The Square (2017)

(On Cable TV, August 2018) There’s an upsetting mixture of funny and troubling moments in The Square that makes it impossible to recommend as anything more than a collection of dark comedy sketches about the management of a modern art museum. On the positive side, there’s some biting satirical material about the hypocrisy of art marketing in an age that feeds on outrage (how far is too far when satire and reality blends?) On the other hand, wow—writer/director Ruben Östlund really isn’t interesting in delivering anything like a film with a beginning, development and conclusion: Dramatic and comic arcs are proposed, abandoned, settled within two scenes, revived-but-not-really, and then drawn out at the expense of more interesting material. Worse; the film positively delights in humiliation comedy and never knows when to quit a scene on a high note.
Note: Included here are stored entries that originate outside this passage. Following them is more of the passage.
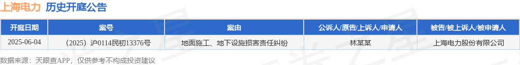 根据统计,近一年内以上海电力股份有限公司为当事人的历史开庭公告有1则,其中案由为“地面施工、地下设施损害责任纠纷”的公告以1则居首。历史开庭公告如下:
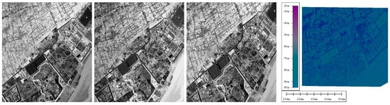 This paper utilizes the published WHU-TLC dataset, sourced from the three-line array camera (TLC) installed on our country’s ZY-3 satellite. The forward-looking camera captures images with a ground resolution of 2.1 m, while those captured by both forward- and backward-looking cameras have a resolution of 2.5 m. The overlap rate of these three views exceeds 95%, making them suitable for DSM reconstruction. The parameters of the satellite camera are incorporated into the provided RPC model and have been pre-calibrated for subpixel reprojection accuracy, allowing for direct use post-parsing. The model evaluation employs the inaugural version of large-scale satellite images, comprising 173 groups of images. Each group consists of 16-bit panchromatic resolution tri-view satellite images measuring 5120 × 5120, accompanied by the corresponding RPC parameters. Additionally, it includes ground truth DSM generated by photogrammetry software, supported by high-precision lidar observations and ground control points. An example of a large-size dataset is shown in Figure 8, which displays satellite images from three different viewpoints and ground truth DSM from left to right, covering an approximate area of 125 km2.
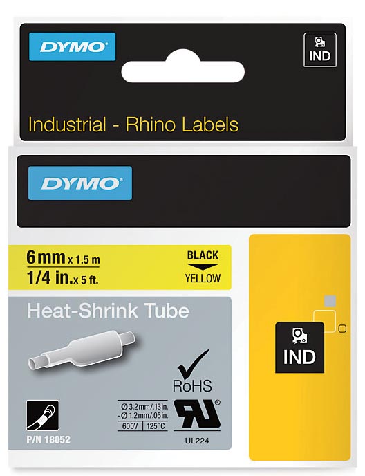 Dymo RHINO tube de thermo-rétraction 6 mm, noir sur jaune
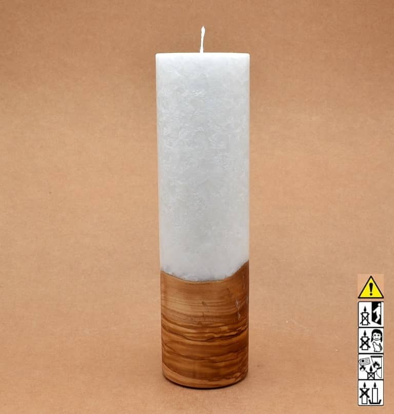 Runde Kerze in Stearinoptik 70 x 250 mm mit Holz und mit Dochteinsatz.
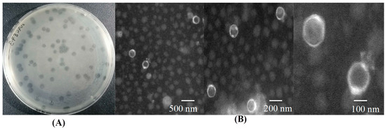 Figure 1. EFP6 screening. (A) Plaque characteristics and (B) morphology observed via transmission electron microscopy. Scale bar indicates 500, 200, and 100 nm, respectively.
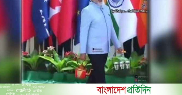 এআই দিয়ে তৈরি ভিডিওতে দেখা যাচ্ছে, মোদির এক হাতে চায়ের কেটলি, আরেক হাতে তিনটি গ্লাস। তার পেছনে থাকা নানা দেশের পতাকার মধ্যে ভারতের পতাকাও দেখা যাচ্ছে। যেন কোনও আন্তর্জাতিক ইভেন্টে চা পরিবেশন করছেন মোদি। তাকে বলতে শোনা যাচ্ছে, ‘চায়ে বোলো, চায়ে।’
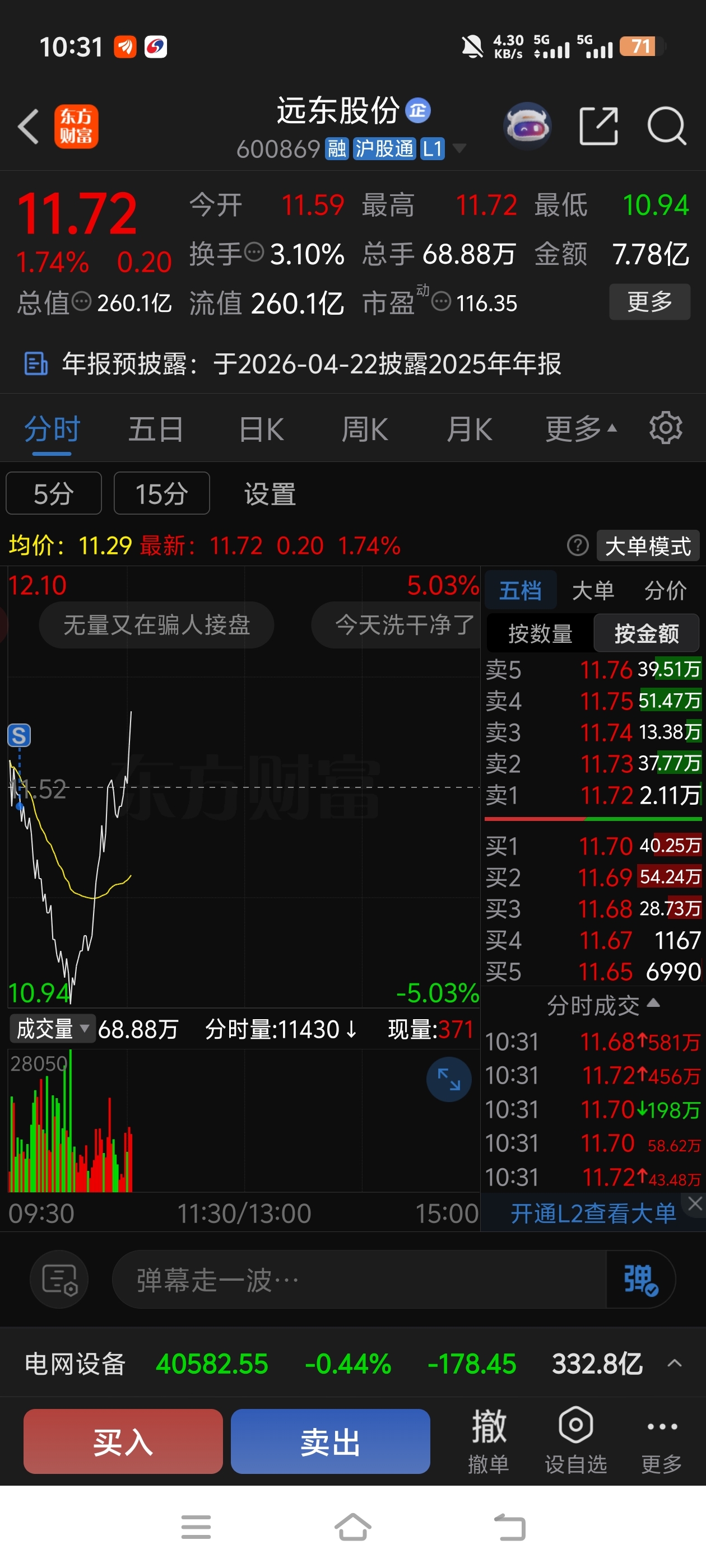 $远东股份(SH600869)$ 我眼巴巴看着11.08下不去了,但是我没接回来
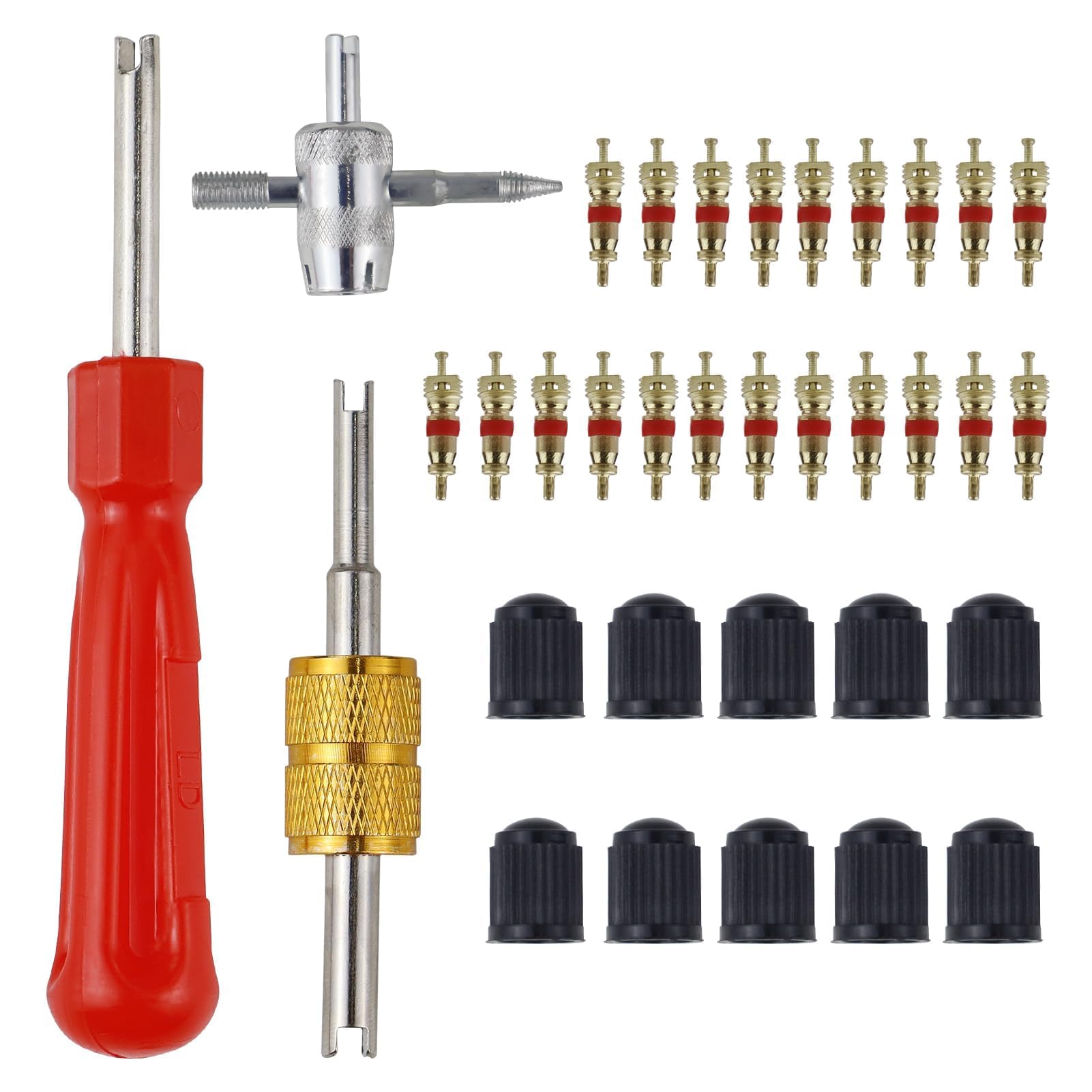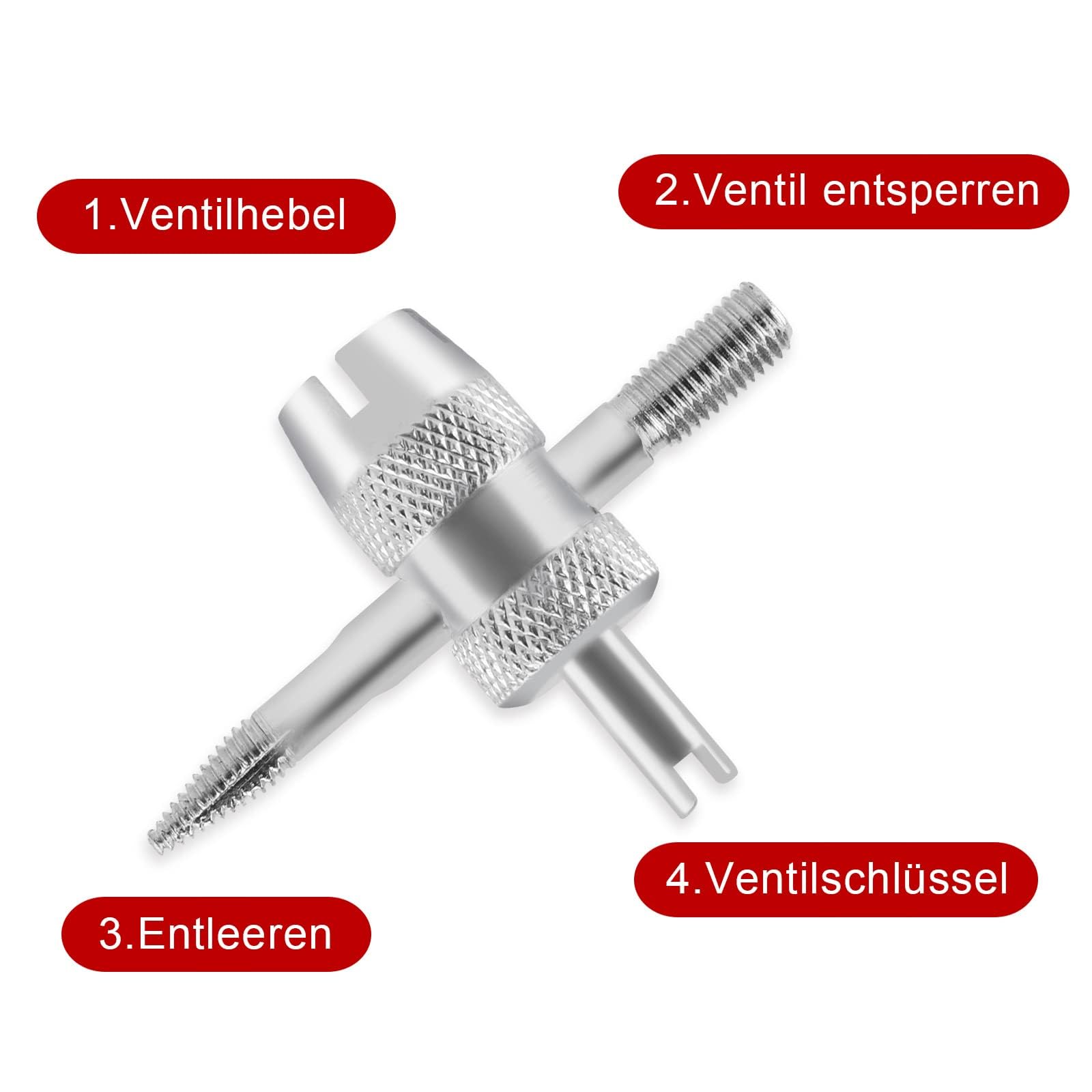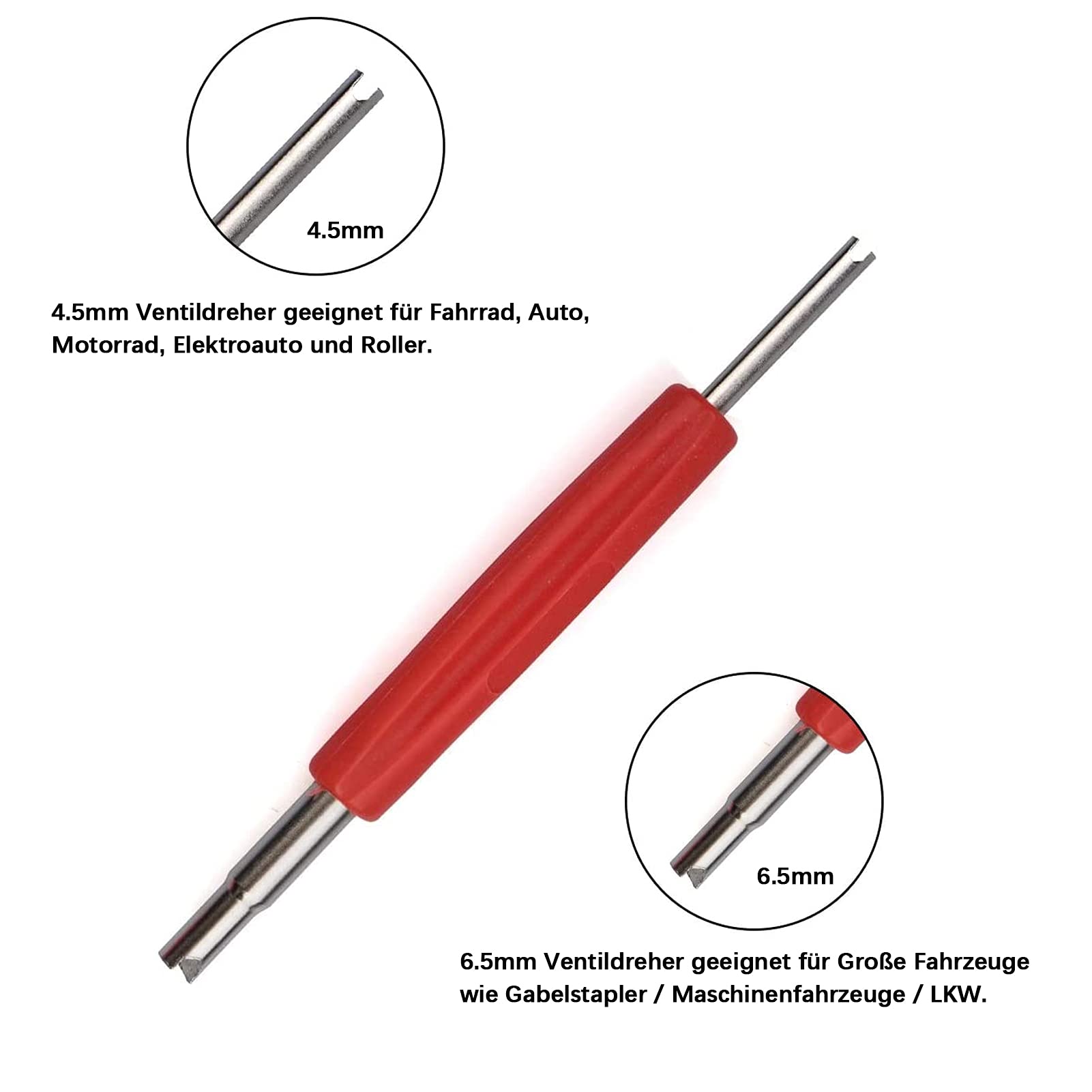 Perfektes Set für alle Ventil-Reparaturen! 46 Teile in einer praktischen Box: Einzelkopf-Ventilentferner, Doppelkopf-Werkzeug, 4-Wege-Ventilwerkzeug, 12 Ventilkappen (schwarze Gummi, schwarze Metall, weiße Metall) und 30 Ventilkerne. Alles aus hochwertigem vernickeltem Kupfer - rostfrei und langlebig! Die Werkzeuge haben ergonomische Griffe die nicht rutschen. Super für Auto, LKW, Motorrad, Fahrrad, ATV - einfach für alles mit Reifen! Kompakt und leicht - passt in jede Werkzeugtasche. Einfach den alten Ventilkern rausdrehen, neuen rein - schon ist die Reparatur erledigt! Spart Zeit und Geld für die Werkstatt. Ideal für unterwegs oder in der heimischen Garage. Ein Must-Have für jeden der sein Fahrzeug selbst wartet!

Much of what’s strong about the film is usually inseparable from its worst qualities: The Man-Ape sequence (featuring Terry Notary), for instance, is unforgettable as much for its conceptual hilarity than for the excruciating experience of watching it play out over several very long minutes of acute discomfort. The lack of an ending is perhaps the film’s worst sin—after its wild ride, The Square doesn’t offer anything like a satisfying resolution, just dropping its plot threads one after another. Perhaps that’s part of the joke … but it won’t work as well on all audiences.